__EXERCISE DESCRIPTION__. Will you write out, word for word, every line from the one with "Mature treesNew wood" to the final line of the data below, with the pictures left out?

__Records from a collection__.

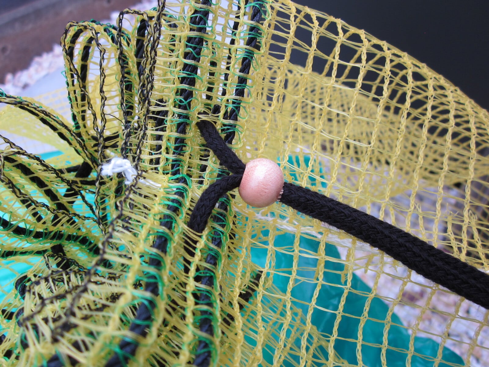 上側のヒモを絞り、ビーズストッパーでネットの口を閉じます。あとはゴミ袋にかぶせて設置完了!
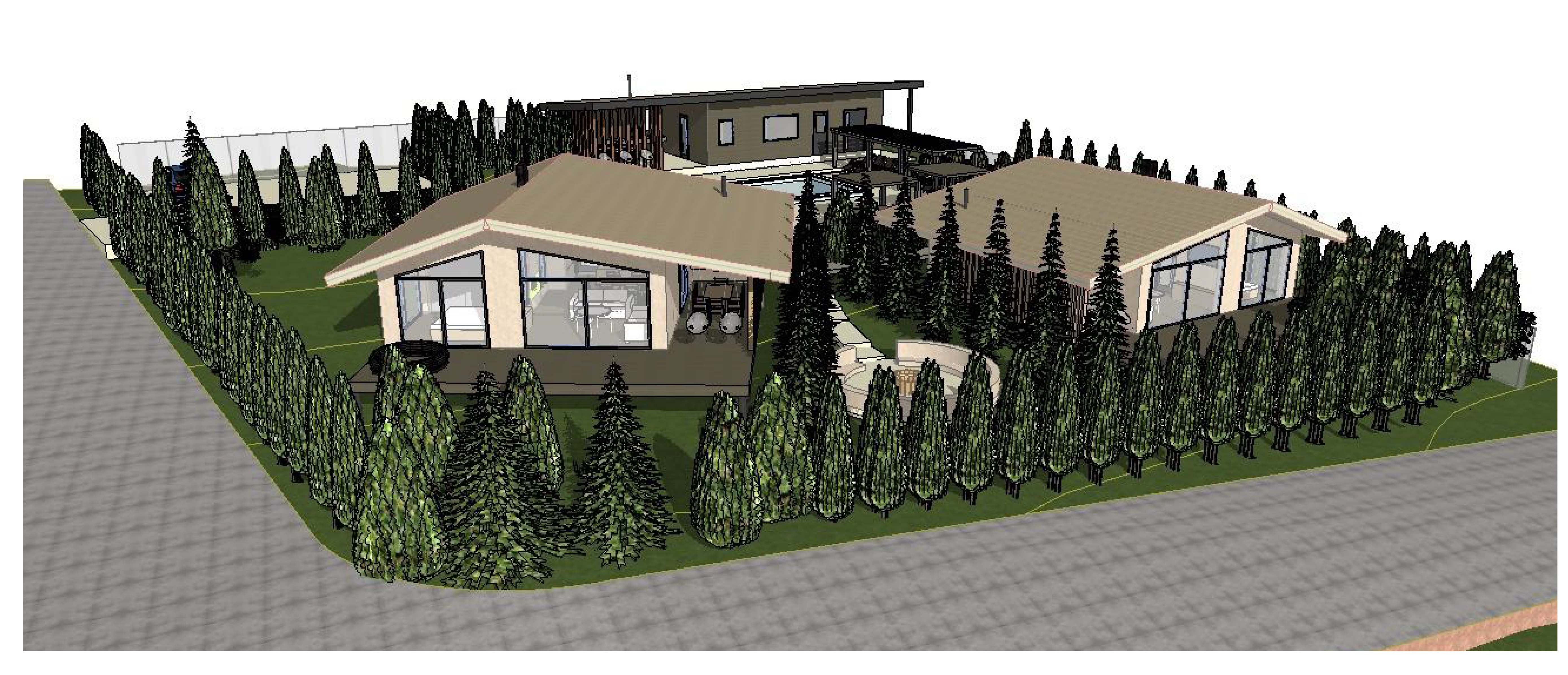 modernist exterior shot houses in a forest in mont tremblant quebec sunny morning close to noon black metal roof black windows black doors wood accent and dark wooden finishes architecture
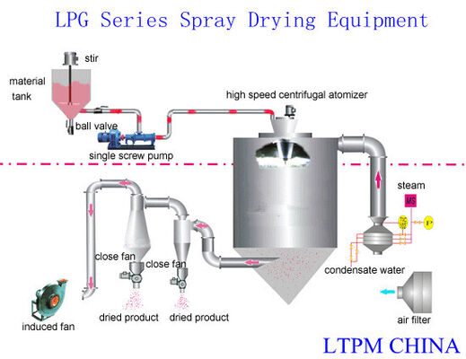 อากาศผ่านตัวกรองและเครื่องทำความร้อน ตัวจ่ายอากาศที่เข้าสู่ด้านบนของตัวเติม อากาศร้อนจะอยู่ในรูปของเกลียวและเข้าสู่ตัวเติมอย่างสม่ำเสมอวัสดุของเหลว จากรางของเหลวของวัสดุจากสิ่งที่ขัดแย้งกับชุมชนหรือเครื่องฉีดน้ำแบบผู้นำสำหรับด้านบนของปั๊มเฉพาะที่ส่งผ่านตัวกรอง ทำให้ของเหลวของวัสดุพุ่งออกมาเป็นหยดความร้อนขนาดเล็กมาก ของเหลวของวัสดุ และการไหลของอากาศร้อน และติดต่อกันความชื้นจะระเหยอย่างรวดเร็วภายในระยะเวลาอันสั้นมากจนกลายเป็นผลิตภัณฑ์สำเร็จรูปการปล่อยผลิตภัณฑ์สำเร็จรูปโดยด้านล่างของหอแห้งและเครื่องแยกลมกรดก๊าซเสียจะถูกระบายออกโดยเครื่องเป่าลม
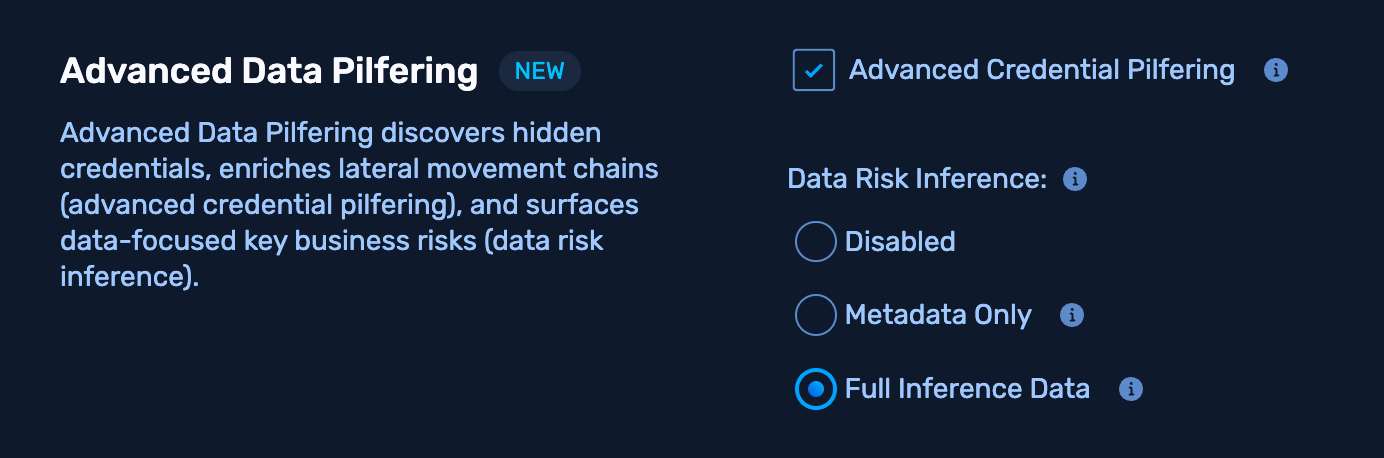 - Step 2: Choose whether to enable Advanced Credential Pilfering, which uses advanced semantic reasoning to detect and extract credentials from various data sources. These credentials are then used to move laterally and escalate privileges during the attack.
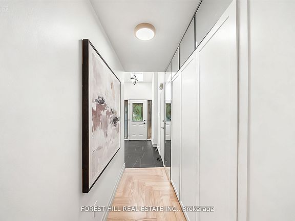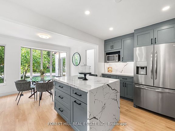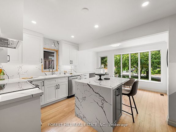 Mature treesNew wood deckSoaring two-storey vaulted ceilingsLarge windowsRenovated eat-in kitchenQuartz countersWaterfall island
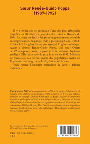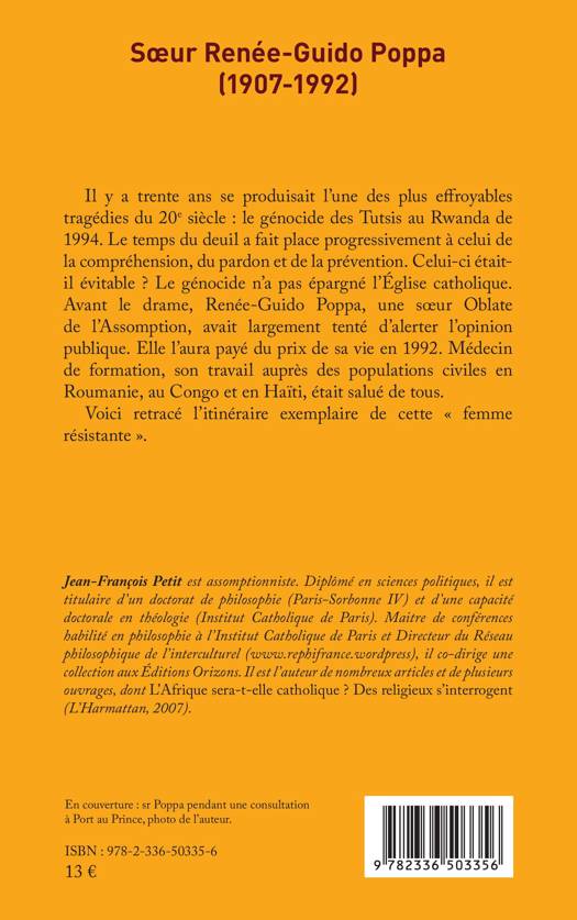 Il y a trente ans se produisait l'une des plus effroyables tragédies du 20e siècle: le génocide des Tutsis au Rwanda de 1994. Le temps du deuil a fait place progressivement à celui de la compréhension, du pardon et de la prévention. Celui-ci était-il évitable ? Le génocide n'a pas épargné l'Église catholique. Avant le drame, Renée-Guido Poppa, une soeur Oblate de l'Assomption, avait largement tenté d'alerter l'opinion publique. Elle l'aura payé du prix de sa vie en 1992. Médecin de formation, son travail auprès des populations civiles en Roumanie, au Congo et en Haïti, était salué de tous. Voici retracé l'itinéraire exemplaire de cette femme résistante .

__EXERCISE RESULT__.
 Mature treesNew wood deckSoaring two-storey vaulted ceilingsLarge windowsRenovated eat-in kitchenQuartz countersWaterfall island
 Il y a trente ans se produisait l'une des plus effroyables tragédies du 20e siècle: le génocide des Tutsis au Rwanda de 1994. Le temps du deuil a fait place progressivement à celui de la compréhension, du pardon et de la prévention. Celui-ci était-il évitable ? Le génocide n'a pas épargné l'Église catholique. Avant le drame, Renée-Guido Poppa, une soeur Oblate de l'Assomption, avait largement tenté d'alerter l'opinion publique. Elle l'aura payé du prix de sa vie en 1992. Médecin de formation, son travail auprès des populations civiles en Roumanie, au Congo et en Haïti, était salué de tous. Voici retracé l'itinéraire exemplaire de cette femme résistante .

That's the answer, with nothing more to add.